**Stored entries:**
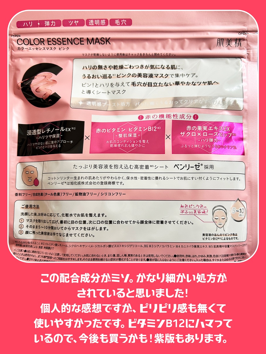 肌美精カラーエッセンスマスクピンクビタミンB12*¹由来のピンク色の美容液がマスクに浸されており、マスクもほんのりピンク色に!レチノール*²も配合で肌を整えてくれます。マスクのおでこ辺りに、少し突起があり、マスクがめくりやすくなっている工夫も...
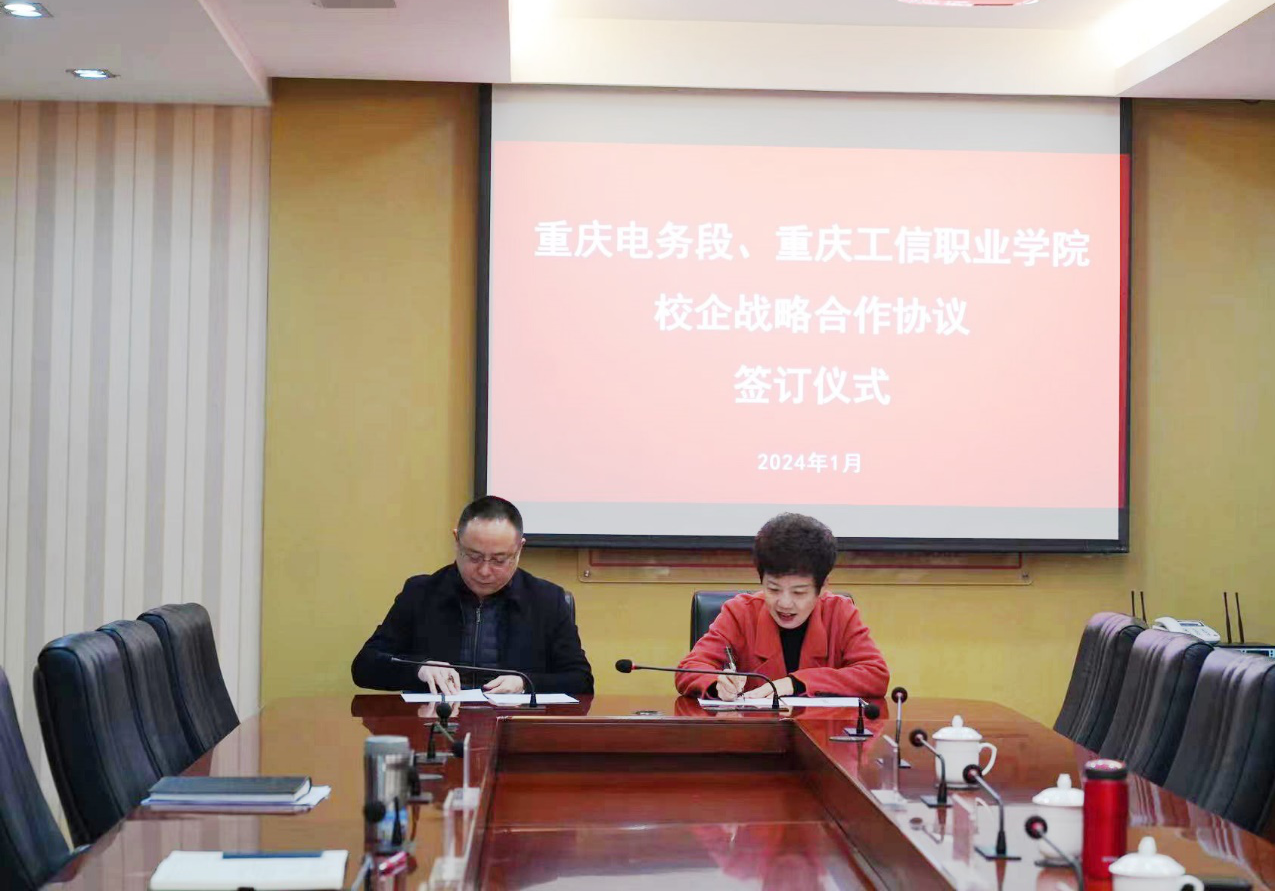 1月26日,学校与中国铁路成都局集团有限公司重庆电务段的在重庆电务段机关签署校企战略合作协议,重庆电务段段长余涛,学校党委副书记、院长杜宏伟分别代表校企双方在合作协议上签字。
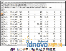 通过深入的研究,在掌握NX自带刀具库的文件结构和信息记录结构后,根据单位的实际应用情况,按照“定名称、定类型、定参数”等方式将刀具进行标准化、系列化管理,然后按刀具记录结构进行新的刀具记录创建和新的刀柄记录创建。创建时,应用Excel电子表格应用软件,以便方便地进行批量记录的编辑和维护,建立的刀具记录如图5所示,建立的刀柄记录如图6所示。
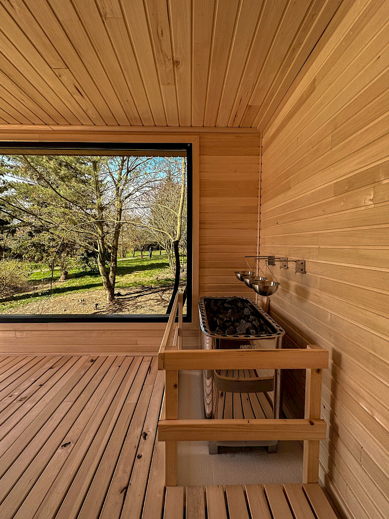 Sie werden eine Welt der Entspannung mit Wellness-Dienstleistungen genießen. Wärmen Sie Ihren Körper auf und spülen Sie Giftstoffe in 2 Panoramasaunen aus. Anschließend können Sie sich im lebendigen Wasser des Biotopsees angenehm abkühlen.
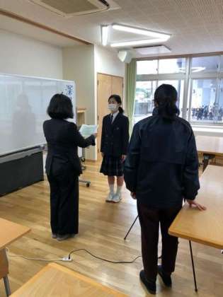 本日の朝礼で世田谷区立中学校生徒作品展覧会に選ばれた生徒の表彰がありました。技術科、家庭科、美術科、国語科で選ばれた作品は1月に世田谷美術館で展示されました。どの作品も力作でした。来年も楽しみです。
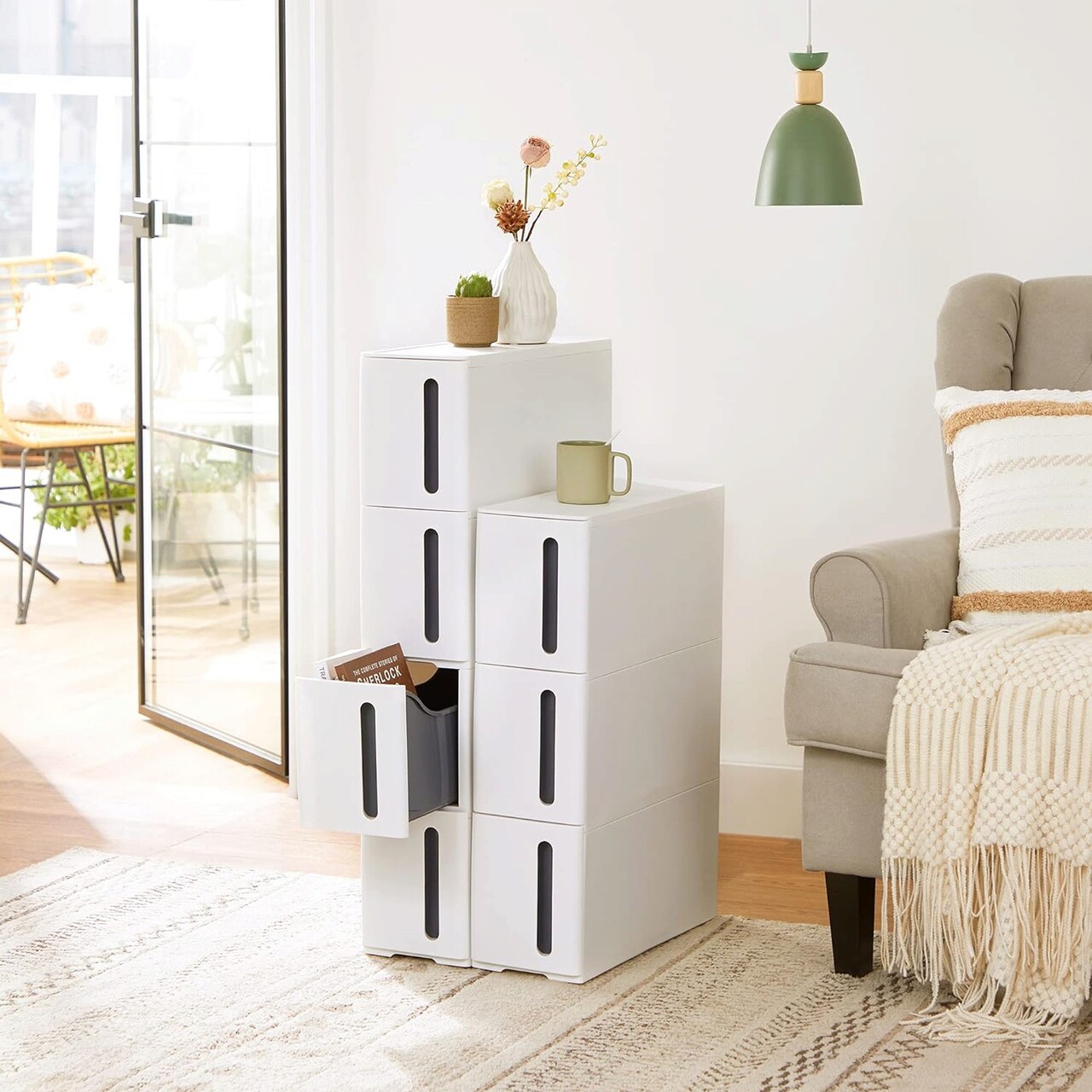 Carucior de depozitare ingust cu 4 sertare spatioase, 4 roti pentru o deplasare usoara. O modalitate simpla si avantajoasa pentru a suplimenta spatiul de depozitare in camera de zi, baie si bucatarie. Usor de asamblat.
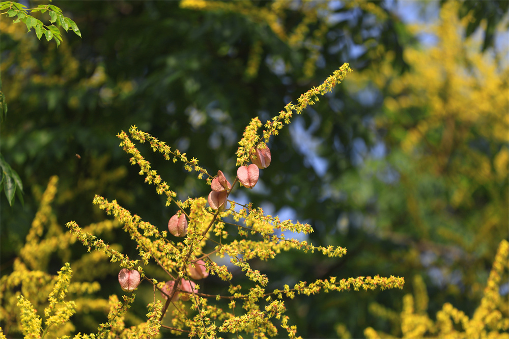 编者按校园栾树迎来全盛期,满枝金黄摇曳生辉,落花铺就秋日地毯。从教学楼窗边到林荫道尽头,处处皆是限定秋光。去年初夏的缤纷犹在眼前,今秋的鎏金更显浓烈,时光往复,浪漫如初。
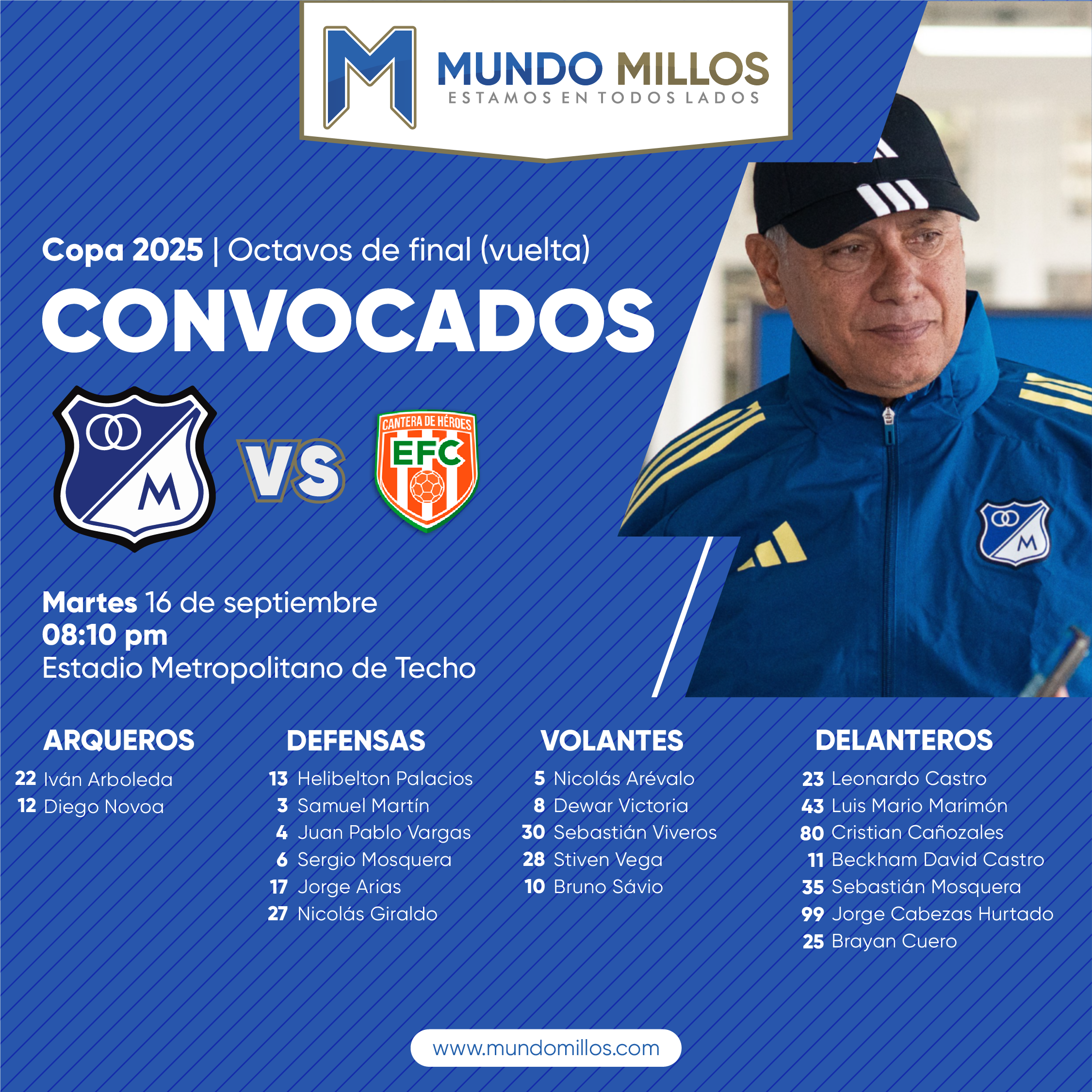 La convocatoria muestra también el regreso de Nicolás Giraldo en lugar de Jhoan Hernández y la presencia del canterano Sebastián Mosquera para cumplir con la regla de los dos Sub20, el que sale es Edwin Mosquera.

**Problem requirements:** Omit the pictures and please write out exactly the lines between the one containing "编者按校园栾树迎来全盛期,满" and the last line of the entries, both included.

**Solution to the problem:**
 编者按校园栾树迎来全盛期,满枝金黄摇曳生辉,落花铺就秋日地毯。从教学楼窗边到林荫道尽头,处处皆是限定秋光。去年初夏的缤纷犹在眼前,今秋的鎏金更显浓烈,时光往复,浪漫如初。
 La convocatoria muestra también el regreso de Nicolás Giraldo en lugar de Jhoan Hernández y la presencia del canterano Sebastián Mosquera para cumplir con la regla de los dos Sub20, el que sale es Edwin Mosquera.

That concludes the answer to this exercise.